Cleopatra was very unlikely to have been taken in by Octavian’s protestations of love but may have been seeing what information she could charm out of Thyrsus. Other suggestions that at around this time she was actively seeking to betray Antony lack credibility since they occur only in the later sources, wherein Octavian’s denigration of Cleopatra had reached its maturity. Contemporaneous writers such as Horace and Vergil, who were by no means favorable to Cleopatra, accused her of many things but not of seeking to betray Antony during these final, desperate days. Cleopatra would have known that the war had been declared on her and not Antony, that Octavian wanted Egypt’s treasure and that her fate and Antony’s were bound together. It also seems hard to believe that, survivor though she was, she would have considered deceiving the man to whom she had been faithful for so long—the father of three of her children and, to all intents and purposes, her husband.

By now it was the height of summer in the year 30 and Octavian had set out with his confident legions to invade Egypt. When he came ashore in Phoenicia he found King Herod awaiting him. Eager to please his new overlord, Herod provided lavish entertainments and accommodations and provisioned Octavian’s armies with both water and wine as they marched onward through the hot deserts of Gaza and Sinai and on to the very borders of Egypt.

Death on the Nile

P
ELUSIUM FELL QUICKLY to Octavian’s forces. Cleopatra punished the town’s governor for yielding too readily by ordering the execution of his wife and children. Dio Cassius claimed that Cleopatra herself had engineered the town’s surrender to curry favor with Octavian and Plutarch noted a rumor that she had connived at its fall. Yet, like the earlier claims of her perfidy, this scarcely seems plausible.

Antony himself had not been at Pelusium but nearly 180 miles to the west of Alexandria at Paraetorium, the modern Mersah Matruh, trying to stem the advance of Octavian’s forces from Cyrenaica. These were the four legions that had deserted from Antony only some nine months previously and were now led by Cornelius Gallus. From an unprivileged background, Gallus was nevertheless an accomplished lyric poet as well as a general. He had once composed volumes of verse to Antony’s former mistress, Cytheris. In the face of Antony’s advance, he showed his military skills by trapping and destroying some of Antony’s galleys in a small harbor, into which he had allowed them to sail unopposed. He did so by stretching chains across the harbor mouth and lowering them beneath the water before the arrival of Antony’s unsuspecting vessels, only to raise them again using a sophisticated system of winches once the galleys were inside.

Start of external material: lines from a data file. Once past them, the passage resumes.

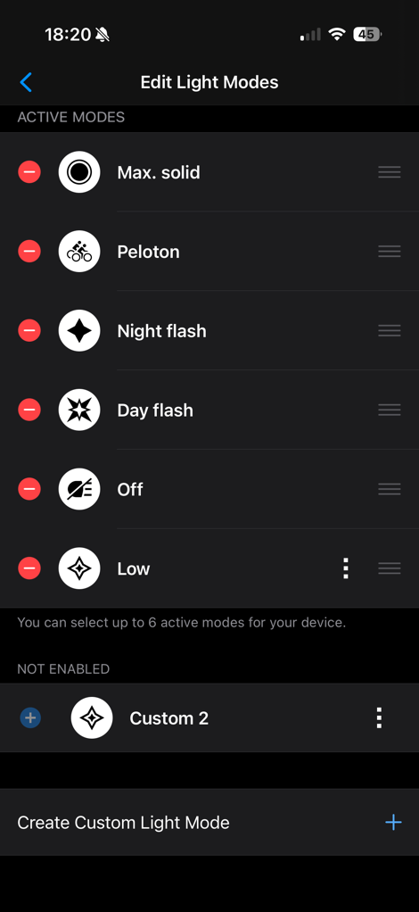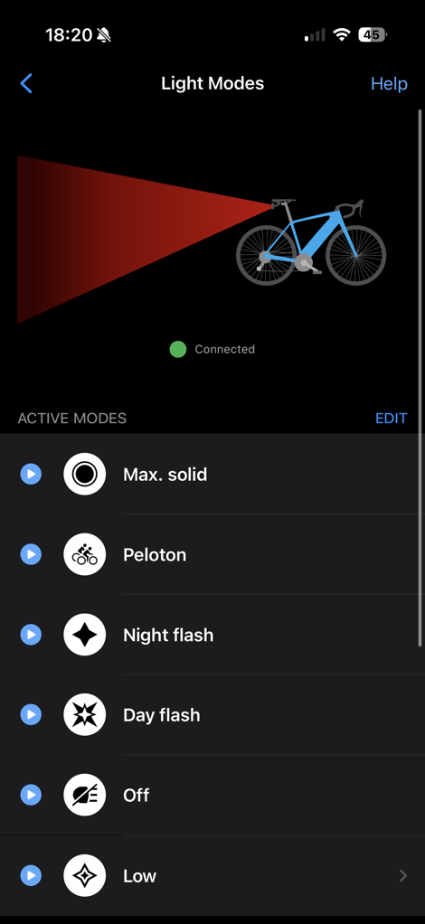 These core modes haven’t really changed, though there is a new radar-only mode, which gets significantly higher battery life by turning off the light. However, there is a new option letting you create and configure your own light modes, with configurable blink patterns as well as intensity levels. You’ll create these via the smartphone Varia app: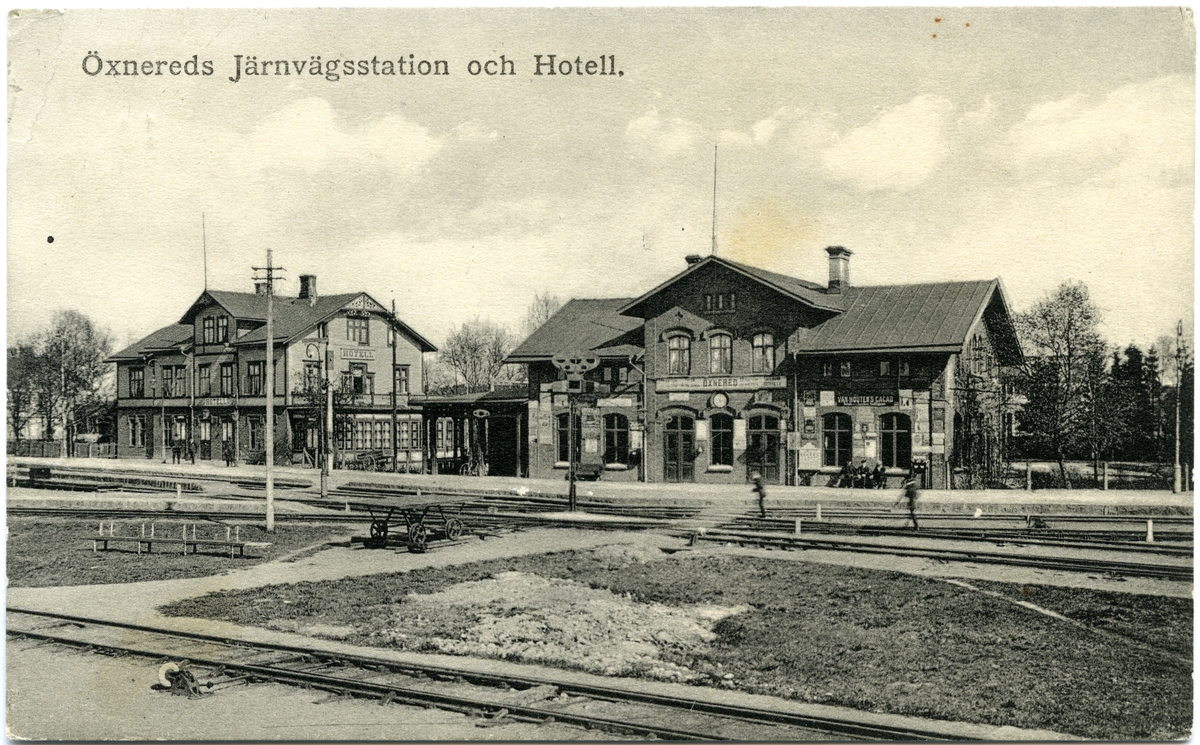 Öxnered station och järnvägshotell1911. Bergslagernas Järnväg, BJ. Stationen till höger på bilden.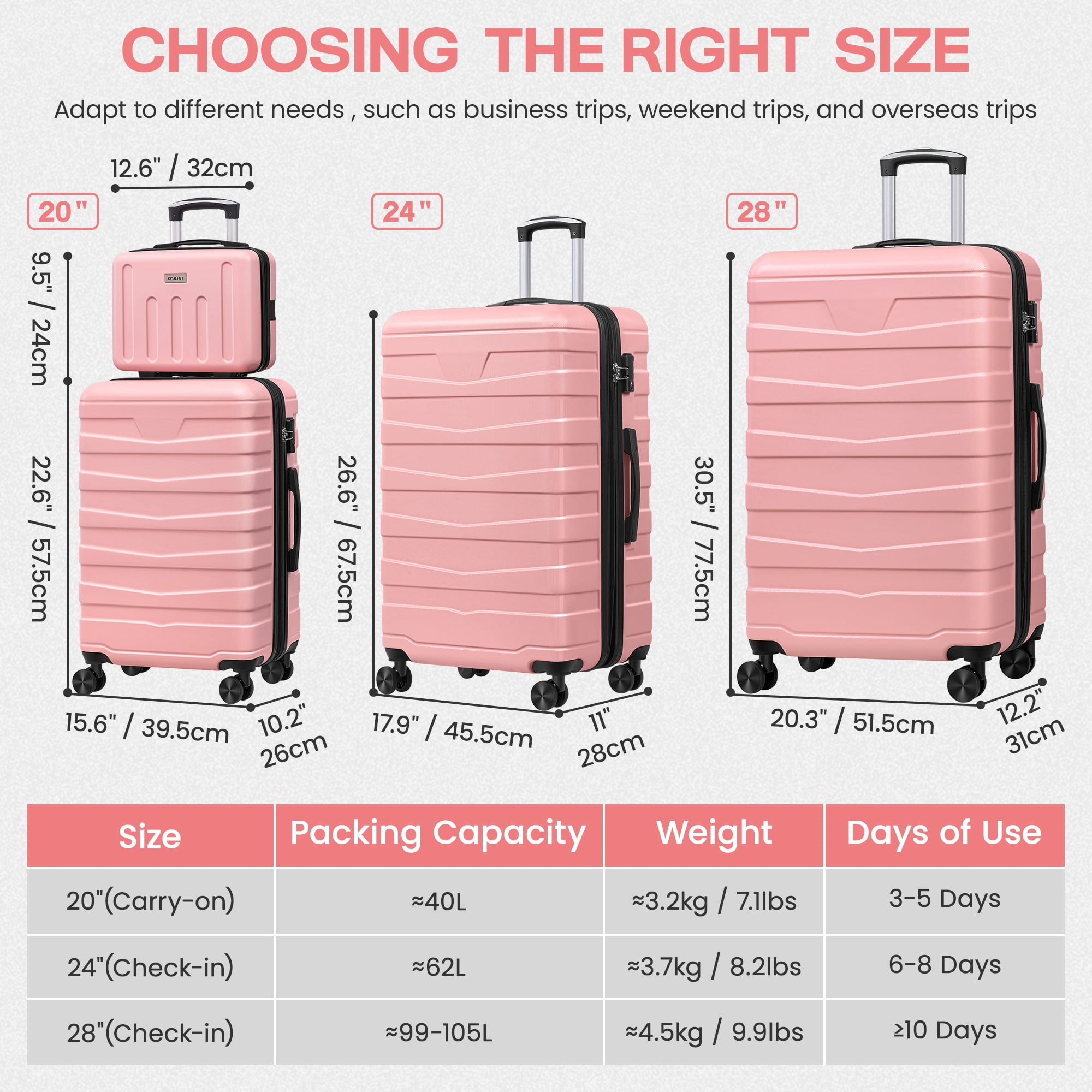 【High Quality】These luggages are made of high quality PC+ABS material, which is wear resistant and drop resistant. The shell is hardside, not easy to deform, and easy to move. Double-layer explosion proof zipper design, whether open or closed, will not jam.Everything is so smooth. 【Capacity and Space Design】24inch: 96L. You can choose the right suitcases according to your needs, and the standard 20-inch suitcases can be carried directly on the plane. Mesh bags and dry and wet separation bags allow small items to be organized, X fixed belt to secure clothing, to avoid messy. No matter how bumpy the journey, the luggage is always in order. 【Adjustable Pull Bar and Handle】The height of the pull bar can be adjusted freely according to the user’s height in different environments and can be adjusted at any time. Reasonable slot space, so that the tie rod will not be stuck, will not loose off. There is a soft TPC handle on the top and side of the luggage, which can easily lift the suitcase in places where it cannot be rolled. 【TSA Lock and Silent Universal Wheel】TSA lock is safe and reliable, only you can easily open the luggage, protect your personal belongings security. Double row four wheels, large size and high quality wheel hub, can bear higher weight, more wear resistance, rolling silk smooth, roller using silent design, no longer embarrassing because of noise by pedestrians. 【Customer Service】We have a professional customer service team, no matter what problems you encounter in the process of use, please feel free to contact us at any time. We will provide you with a satisfactory solution.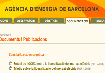 Documents de sensibilització energètica de la mà de l’agència d’energia de Barcelona, disponible amb els tres idiomes (català, castellà i anglès).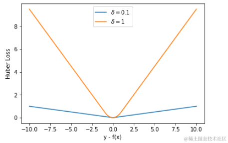通常来说,超参数 δ 可以通过交叉验证选取最佳值。下面,分别取 δ = 0.1、δ = 10,绘制相应的 Huber Loss,如下图所示: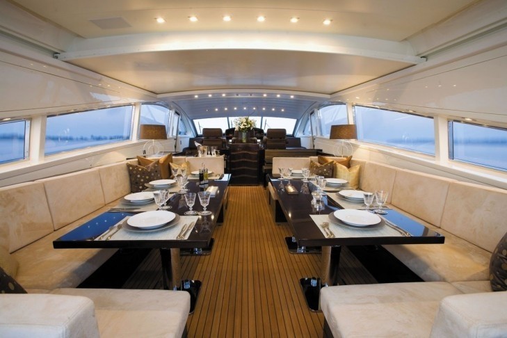 NOTABLE FEATURES for CARAMIA: Performance planing hull design ~ On-deck salon and dining perfect for entertaining ~ Contemporary interior decor ~ Wifi
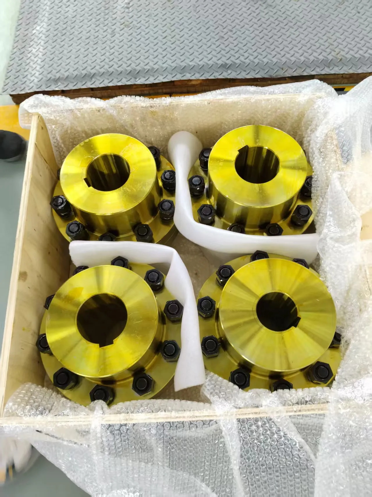Kopling flensa digunakan pada peralatan metalurgi dan peralatan pertambangan. Ini adalah kopling kaku dan tidak memiliki kemampuan untuk mengkompensasi deviasi radial, aksial dan sudut. Selama pemasangan, koaksialitas kedua poros harus sangat baik.

When, on land, Antony approached Gallus’ lines to try to address the troops who had so recently been loyal to him and had served with him on so many campaigns, Gallus ordered the trumpeters to sound their bugles and to continue as long as Antony persisted in his attempt to speak. Eventually Antony gave up.

When the news of Pelusium reached him, Antony himself returned to Alexandria, leaving his subordinates to defend Egypt’s western frontiers as best they could. Antony was only just in time. Octavian advanced quickly across the branches of the Nile delta toward Alexandria. Before long, in the shattering July heat, he was making camp near the hippodrome to the east of the city walls. Energized by the chance of further action, this time against Octavian in person, Antony led a sally out of Alexandria and, encountering the advance guard of Octavian’s cavalry, sent them reeling back in panic to their camp.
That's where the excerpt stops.